Students requiring official full-time status must take nine credits (three courses) per semester. The MA program, however, recommends six credits (two courses) per semester as the preferred workload for most graduate students. Both of these credit loads qualify for financial aid. Students may also take one course per semester through this does not qualify for financial aid. Students must complete the degree within six years of beginning the program. The program offers courses in the fall, spring and summer.
The Comprehensive Exam
Between their penultimate and the ultimate semester in the program, students will be required to take a comprehensive written examination prepared and administered by the graduate faculty in English Literature. The examination will be based on the courses taken during each student's tenure in the program.

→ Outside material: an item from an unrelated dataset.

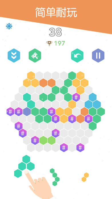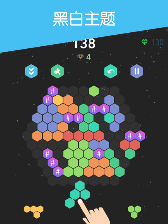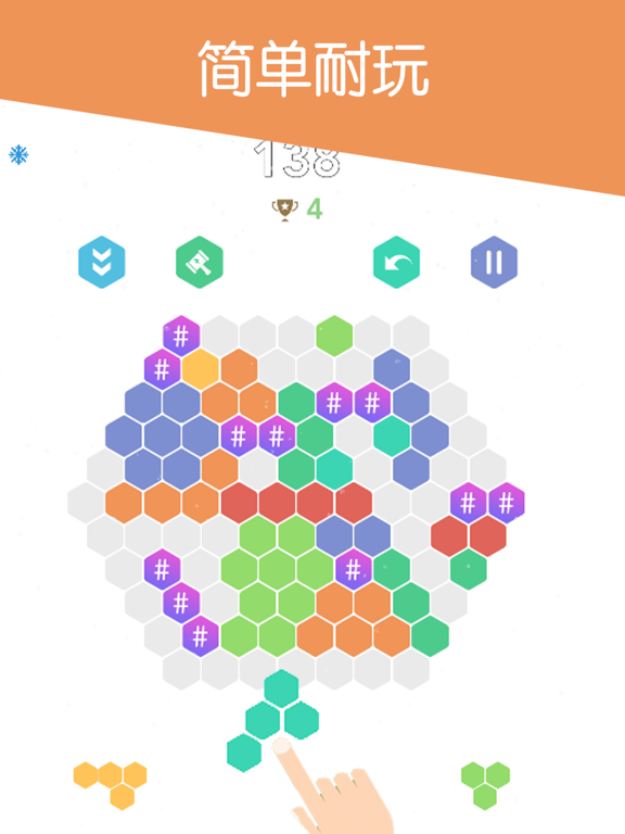 六角消除-Hex六边形消灭游戏2018版,是一款简洁耐玩的六边形方块消除单机游戏,画面清新风趣,玩法简单益智,更有世界排行任您竞技,绝对值得您喜爱。 只需将底部的六边形组合拖放到六边形矩阵中,在三个方向连成直线即可消除直线中的方块,候选方块无法拖到屏幕中央时游戏结束。没有时间限制,无需颜色搭配!用匹配的六边形组合任意匹配,尽情享受根本停不下来系列作吧! 发挥您的才智,摸索高效的走法,还等什么呢,赶快下载体验吧! PS:密集恐惧症的可能会有不适应,不过说不定也会消除它呢!(。・ω・)ノ゛1、添加进入最高得分显示 2、优化游戏体验和稳定性
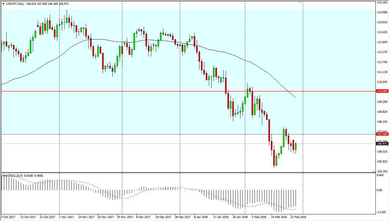 The US dollar has initially pulled back during the session on Monday but turned around to rally rather significantly and reached towards the 107 handle. At this point, I believe that there is a lot of noise in this market, and I feel that we are trying to build a bit of a base. If we can break above the 108 handle, then I think that the market will be free to go much higher. Remember, this pair tends to move with overall risk appetite, so pay attention to the stock markets and futures markets as to what they say about risk appetite overall. If risk appetite is strong, then that typically will lift this market. I believe that if we make a fresh, new low, the market will probably reach down towards the 105 handle.

The exam, like all elements of the Mercy MA degree, can be administered through distance learning.
The Final Thesis Paper
The MA degree requires a final thesis paper focused on original research from which a paper of approximately 25 pages in the MLA Style will be developed. Students write this thesis paper during the final required course in the program, ENGL 599 Master's Thesis Tutorial. Each student chooses a mentor from the graduate faculty to lead her or his 599 tutorial. The mentor guides the student during the development of the thesis topic, and through the process of researching and drafting the thesis paper over the course of the semester. Near the end of the semester, a polished draft of the paper is reviewed by a panel comprised of the mentor and a second faculty reader, either of whom can request or require further revision. In order for a student to successfully pass ENGL 599, both members of the panel must finally approve the thesis paper.
English Literature M.A. Curriculum
The MA degree requires thirty credits or 10 three-credit courses. All students must take the program's core theory course (ENGL 500) and the final thesis tutorial (ENGL 599). Beyond those two courses, students have a great deal of freedom to chart a personal path toward the MA degree.
Students must take at least one course from 505 - 510 or 517; one course from 521 - 540; one course from 541 - 560; another course from 521 - 560; and then four electives of any number from 505 - 598. Each of these number-groups tends toward a particular emphasis. Courses in the 505 - 510 range focus on a particular type of writing, a literary form. 517 is a creative writing course for those who wish to explore that option. The 521 - 540 courses have something of a British emphasis. The 541 - 560 have something of an American emphasis. And courses from 561 - 598 are those which aren't meaningfully grouped into the other fields. The program usually runs six courses each fall and spring semester, and between two and four courses during the summer.
A full list of our catalog courses can be found by accessing the Mercy College Graduate Catalog available here. We also have a number of newer "topic" courses running on a trial basis and which have not yet been added to the Graduate Catalog. Applicants interested in learning more about these topic courses can look through recent course schedules on the program blog and/or can contact the Program Head for more information.
Graduates are qualified to apply for most full-time community college English professorships and to teach composition and literature as an adjunct at most community and senior colleges. The MA may be the stepping stone to the PhD—some Mercy MA graduates have gone on to the Ph.D. The degree may also lead to non-academic careers in fields which require writing, critical thinking, and research skills, such as publishing, editing, advertising, technical writing, journalism, and other media. Secondary-school teachers can earn graduate English content credits for such things as (re)licensing, promotion, and retention.